6. Rule 144 Compliance . With a view to making available to the Holders of Registrable Securities the benefits of Rule 144 and any other rule or regulation of the Commission that may at any time permit a Holder to sell securities of the Company to the public without registration, the Company shall:
(a) make and keep public information available, as those terms are understood and defined in Rule 144, at all times after the Registration Date;
(b) use reasonable best efforts to file with the Commission in a timely manner all reports and other documents required of the Company under the Securities Act and the Exchange Act, at any time after the Registration Date; and
(c) furnish to any Holder so long as the Holder owns Registrable Securities, promptly upon request, a written statement by the Company as to its compliance with the reporting requirements of Rule 144 and of the Securities Act and the Exchange Act, a copy of the most recent annual or quarterly report of the Company, and such other reports and documents so filed or furnished by the Company as such Holder may reasonably request in connection with the sale of Registrable Securities without registration.
7. Quotation . The Company shall use its reasonable best efforts to cause OTC Markets Group to provide, and to continue to provide, quotations for the Preferred Stock on the OTCQX, OTCQB or Pink (with Current Information) markets not later than September 8, 2018.

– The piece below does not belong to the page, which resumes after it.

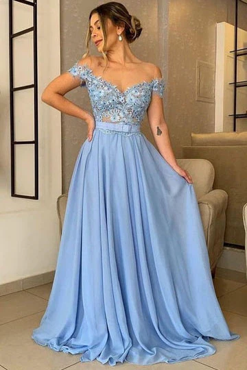 • Off the Shoulder A Line Chiffon Blue Long Prom Sresses Appliques Evening Dress OK1330

8. Termination . This Agreement shall terminate and be of no further force or effect when there shall no longer be any Registrable Securities outstanding; provided , that the provisions of Section 4 and Section 6 shall survive any such termination.
9. Notices . All notices, requests, consents, claims, demands, waivers and other communications hereunder shall be in writing and shall be deemed to have been given (a) when delivered by hand (with written confirmation of receipt); (b) when received by the addressee if sent by a nationally recognized overnight courier (receipt requested); (c) on the date sent by facsimile or e-mail of a PDF document (with confirmation of transmission) if sent during normal business hours of the recipient, and on the next Business Day if sent after normal business hours of the recipient; or (d) on the third (3rd) day after the date mailed, by certified or registered mail, return receipt requested, postage prepaid. Such communications must be sent to the respective parties at the addresses indicated in the Subscription Agreement.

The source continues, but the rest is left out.